## WHAT IS REQUIRED
Omit the pictures and extract only the lines from the line containing "빈혈이란 말초 혈액 내에" to the end of the material, each exactly as written.

DATASET EXTRACT: Begin

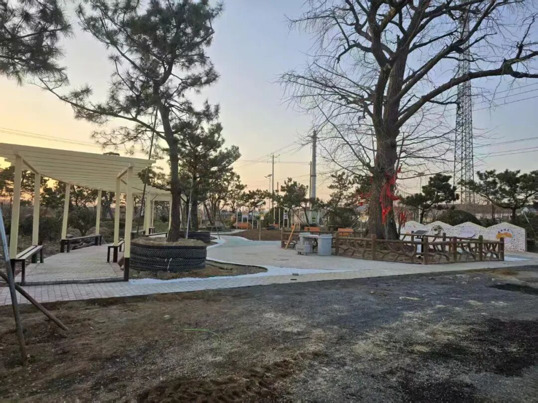 ? ?劉家屯村古樹公園的核心為兩株樹齡150余年的三級古樹(圓柏與側(cè)柏)。針對早年因集市活動導致的土壤板結(jié)、樹體受損等問題,市園林和林業(yè)局于2022年組織專家實施搶救性復壯,通過地下土壤改良、有害生物綜合治理及樹洞仿生修補等科學措施,使古樹重煥生機。2025年3月,公園建設正式啟動,僅用兩個月便完成1134平方米的環(huán)境整治。公園劃分入口區(qū)、科普區(qū)、休憩區(qū)及核心保護區(qū),青石板步道蜿蜒其間,櫻花樹、五角楓等景觀苗木相映成趣,配套的涼亭、休息椅與古樹文化宣傳欄,讓這里成為村民家門口的“休閑客廳”。特別值得一提的是,園區(qū)引入了智慧管護系統(tǒng),安裝太陽能誘蟲燈及遠程監(jiān)測站,實現(xiàn)了古樹健康監(jiān)測與市民休閑游憩功能的有機統(tǒng)一。“以前是雜亂荒地,現(xiàn)在變成漂亮公園,外村人都慕名來參觀! ”65歲的村民劉嬌芝望著枝繁葉茂的古樹,難掩心中喜悅。?
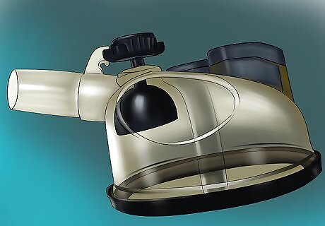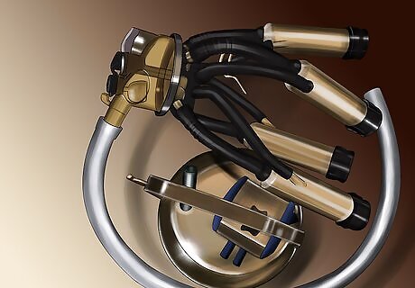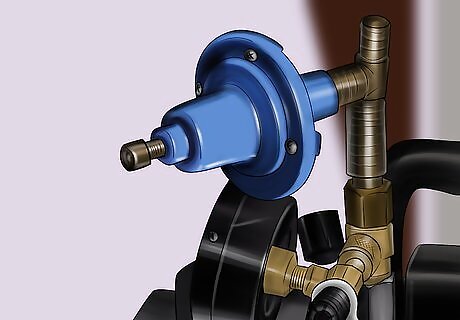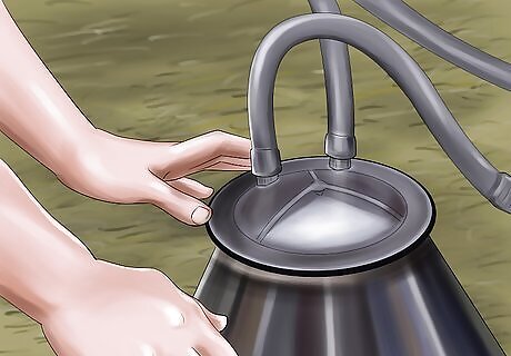 Hook up the vacuum line to the vacuum port on the milker and turn on the vacuum pump. If you have a DIY milker (those you can make yourself with proper parts to create a good vacuum pump) that operates from an electrical outlet, plug the pump in then turn it on. If you're running the pump from a little motor then the similar applies as above, to attach the line to the port on the milker before turning on the motor to the pump. Some milkers may need some time to build up the negative pressure needed to begin milking, and to get the pulsator going in the inflations (or suction/teat cups). The pressure should reach around 0.04 kPa before putting the cups on. Remember to make sure all connections are secure and attached before turning anything on.
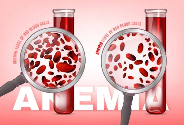 빈혈이란 말초 혈액 내에 존재하는 적혈구의 수치가 감소하고 혈색소인 헤모글로빈의 농도가 정상 수치 이하로 감소되어 인체조직 대사에 필요한 산소를 충분하게 공급하지 못해 조직의 저산소증을 초래하는 경우를 말한다고 합니다.
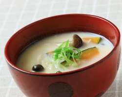 【所要時間:10~20分】カボチャとキノコの豆乳味噌スープ

DATASET EXTRACT: End

## TASK RESULT
 빈혈이란 말초 혈액 내에 존재하는 적혈구의 수치가 감소하고 혈색소인 헤모글로빈의 농도가 정상 수치 이하로 감소되어 인체조직 대사에 필요한 산소를 충분하게 공급하지 못해 조직의 저산소증을 초래하는 경우를 말한다고 합니다.
 【所要時間:10~20分】カボチャとキノコの豆乳味噌スープ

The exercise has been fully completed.